# 8" Wheel and Tires - Replace with 12"?



## barrynfla (Nov 6, 2012)

Just bought a 12' Sears Gamefisher with 7.5 hp Johnson. Waiting for the hitch to be put on my '01 Civic. The trailer isn't in the greatest shape but looks pretty good. It has 8" wheels, the tires have good tread but the tires are pretty old and starting to dry rot. Just had a new valve stem put on one of them and the guy would only put in 35 psi. I know I'm gonna need new tires but not sure whether to just replace the 8" or switch to 12". Measured under the fender and I have about 3" or a bit more to play with so I think they would fit. I live in Tampa and the roads are flat and I don't plan on towing very far.......maybe 20-25 miles tops. Speed limits are about 60-65.

Opinions on keeping the 8" or switching to 12"?

Thanks!

Barry


----------



## CaseyP (Nov 6, 2012)

Bigger is not always better. I would stay with the 8" tires since the trailer was designed for them.


----------



## rickybobbybend (Nov 6, 2012)

I would be tempted to go to a tire dealer you trust and get their recommendation. But whether you upsize or not, get new rubber on that trailer and be sure to check the bearings while you are at it.


----------



## lckstckn2smknbrls (Nov 6, 2012)

How steep are the ramps you plan on using? How long is the trailer? Taller tires mean you will have to back farther into the water to launch or retrieve and considering your using a civic as a tow vehicle lower might be better.


----------



## turbotodd (Nov 6, 2012)

I would not run a 8" tire/rim if I had the option of going to 12". One reason is speed. Those little 8" tires really hum at 65 mph. Seems like they're turning about 80 or better. Reason two, the 12" tires usually have less rolling resistance. Reason 3-the 12's last longer. Reason 4-the 12's ride a LOT better; and they're easier on the towed load (trailer and boat). There's only one reason to go back to an 8" rim and that's if a 12 won't fit.


----------



## Hanr3 (Nov 7, 2012)

8" tires are fine on the highway and they are only going as fast as the tow vehicle. If the tow vehicle is doing 65mph the trailer tires are going 65 mph. The difference is the number of revolutions per mile, not the speed. 

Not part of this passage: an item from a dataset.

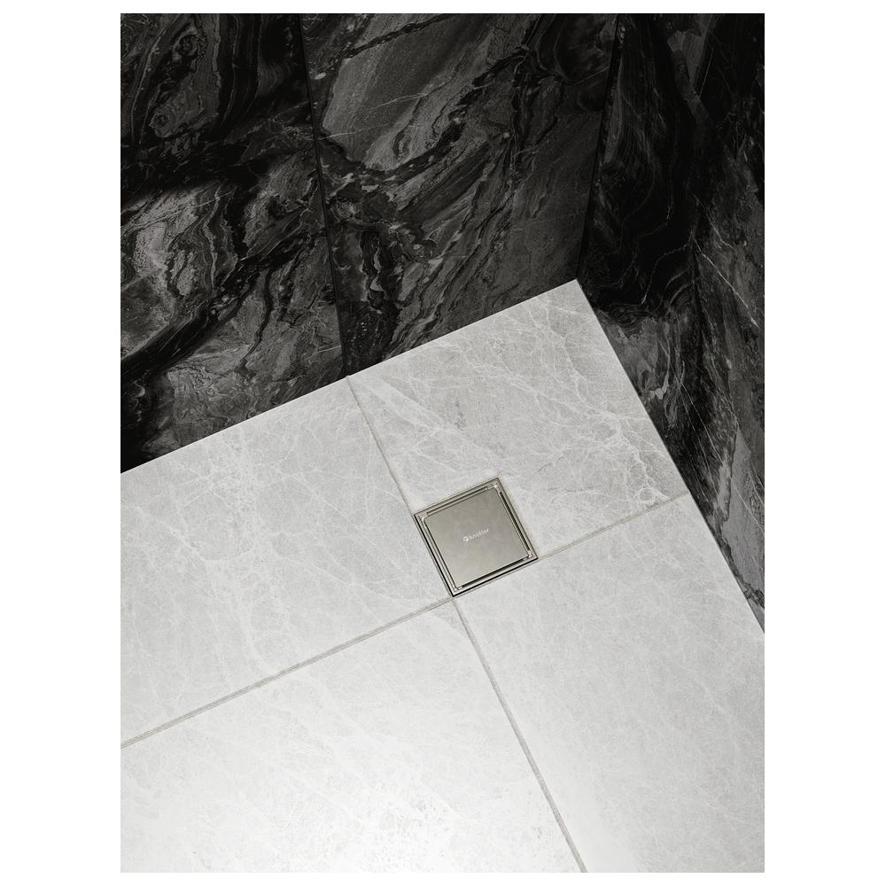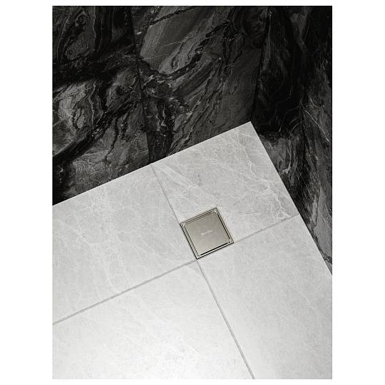 Квадратный трап из нержавеющей стали в цвете матовая сталь. Имеет сухой затвор и решетку для волос из нержавеющей стали, пропускная способность 36 л/мин.

I towed my 14' boat over a 1000 miles this summer, 6 hour trip to Kentucky lake and back. Plus a couple of 3-4 hour trips to "semi-local" lakes, and bunch of trips to my local lakes. The main thing is grease, keep the bearings in grease and you wont have any trouble, once you get new tires. Actually the last 3 years I averaged about 1000 miles per year towing the boat, not a lot, but I dont have any reservations about loading up the boat with firewood, tent, dining fly, my backpack, cooler, fishing gear (500 pounds of gear) and hauling it 500 miles to go camping/fishing for the weekend. 

Price those 12" tires and compare it to the 8" tires. :mrgreen: 
Those 8" tires look better all the time when you start pricing alternatives. 

To verify your bearings are well greased, drive for an hour on the interstate, stop and put your hand carefully ont he hub, if its hot you have a problem. If its cool/warm to the touch, your fine.


----------



## Bugpac (Nov 8, 2012)

The trailer might be going the same speed, and the rubber. The bearings are certainly not!! Your probably turning close to 2x the rpm, just a guess, could do the math but there is no point. Thats 2x the wear. And 1/2 the life span as a bigger wheel.


----------



## RiverBottomOutdoors (Nov 8, 2012)

With a small boat and limited towing distance there is no need to switch to 12" tires. For your situation, I don't see a good ROI to make the case for switching to 12" tires. 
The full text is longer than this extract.